His gaze dropped to between them, but he still wouldn’t look her in the eye. “My parents.”
She wasn’t sure what to say. Seth claimed he’d had no contact with them for five years. How—
“I kept in touch with a couple of friends after I left home. One of them wrote to me when he moved west. On his way through my hometown, he discovered someone had bought my parents’ farm. The new owner told him where they’d gone.”
“Did he say if... Did he have news of your sister?”
Seth shook his head. “He didn’t mention her. He didn’t know to mention her. I never told him about— For Rachel’s sake, all that was kept quiet.”
Becca nuzzled his chest again and slid her arm around his waist.

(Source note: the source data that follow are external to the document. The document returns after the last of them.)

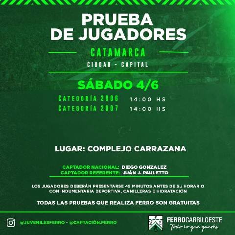 Todas las pruebas que realiza el Club Ferro son gratuitas. Los esperamos!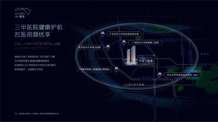 医疗配套方面,项目周边汇聚海珠 1/2 三甲医院,3 公里内有中山大学孙逸仙纪念医院、广州医科大学附属第二医院、南方医科大学珠江医院等省级名医资源,医疗水平高、资源优质,能为业主健康提供全方位保障,尤其适合有老人或小孩的家庭。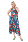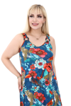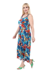 Melsay Butik Papağan Desen Büyük Beden Askılı V Yaka Uzun Elbise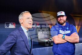 Canada's Prime Minister Mark Carney speaks speaks to Toronto Blue Jays manager John Schneider as he visits the Blue Jays during baseball's World Series media day, Thursday, Oct. 23, 2025, in Toronto,. (Sammy Kogan/The Canadian Press via AP)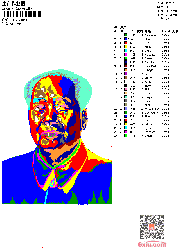 毛主席 点此上传花版兑乐绣币/现金 emb花版参数: 大小:281.50 KB / 尺寸:315*386[毫米] / 针数:156626针 / 线色:20 / 格式:emb / 版本:9 版带文件需绣花软件方可打开,可配色打印导出各种格式或直接上机绣。如无绣花软件可下载1:1模拟效果图。 PNG图片信息:大小:2.5 (MB) /图宽*高:1190x1462(像素) 上传作者( 老虎*** ) 获得乐绣币:20个 emb下载 1:1图下载 关闭 相似花型推荐: 米妮 小男孩 白菊花 鸟花-听春鸟于春朝-工艺精品 鲤鱼 女熊 领口水溶花 领口水溶 牡丹花 华堂春暖 花开富贵 精品 工艺 家和万事兴 观世音菩萨 龙字 艺术字 囍字 藏文艺术字 上一个花样:刘德华 下一个花样:米妮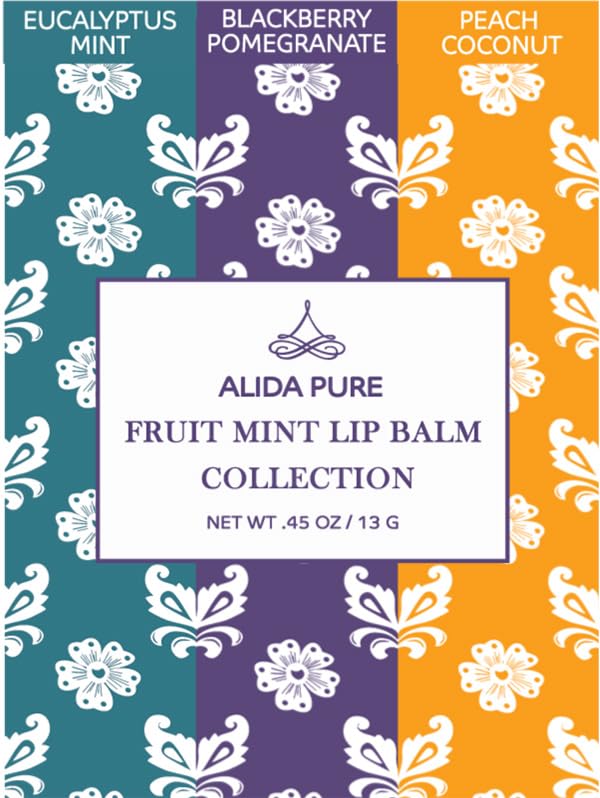 - ALIDA PURE Fruit Mint Lip Balm Collection, is made with cruelty free, hypoallergenic, organic, and natural oils, that protect, and soothe. The delicious, soothing, and moisturizing, Fruit Mint Lip Balm Collection, includes one tube each of Eucalyptus Mint, Blackberry Pomegranate, and Peach Coconut .15-ounce, lip balm tubes. Thoughtfully packaged with biodegradable materials that support the environment.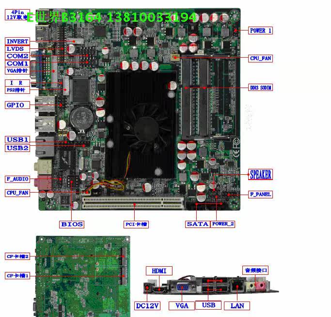 | 前置 I/O接口 | • 2 组 USB排针 支持4个USB2.0端口 • 1 个风扇连接器连接 CPU 和系统风扇 • 1组前置音效插针 • 2组串口排针 。1组LVDS排针 。1个1X12PIN VGA插针.1组7PIN PS2插针 | 后置 I/O接口 | • 4个USB2.0端口 . 1个默认VGA接口(可换为DVI接口插件) • 1个DC输入接口 • 1个HDMI接口•1个LAN端口•1个音频接口 | |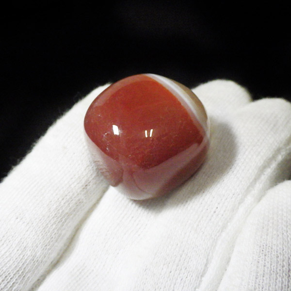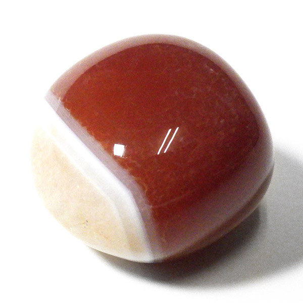 レッドアゲートは丸く研磨すると縞模様が眼のように浮かびあがるという意味合いから、「赤天眼石」と呼ばれることもあります。サードオニキスのこの特徴的な縞模様は、天眼石と同じく人や物事を見極める意味合いもあります。また、魔除けとして、悪意や嫉妬など、他人から悪意をもたれたときにも力を発揮してくれるといわれています。更に、人間関係全般に幸運をもたらし、恋人や夫婦などパートナーシップを安定させ、よい友情を引き寄せる効果があるといわれています。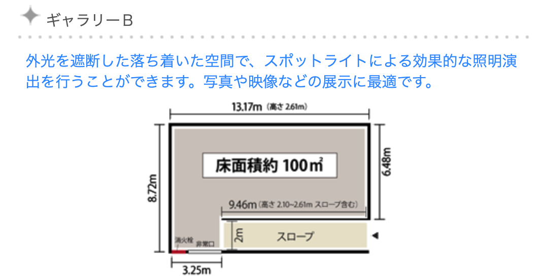 外光を遮断した落ち着いた空間で、スポットライトによる効果的な照明演出を行うことができます。写真や映像などの展示に最適です。

He hugged her back. “I want to make a good life for you, but I don’t know what to do. If I don’t stay and help your pa—hell, maybe even if I do—he won’t be able to sustain the farm. If I find work, I’ll have to give him most of my earnings instead. It’ll take years to save enough to build a place of our own.” Seth made an exasperated sound. “If I thought he would speak to me, I’d go see my father and ask him for a loan, but I know that would be a waste of time and breath.
“I love you so much, I ache with the depth of it,” he said, his cheek pressed to her hair and his heart pouring out with his words. “But sometimes I wish, for your sake, you’d married Nathan. I should have searched for you longer. If you’d have come with me the first time, your intended might still have been free.”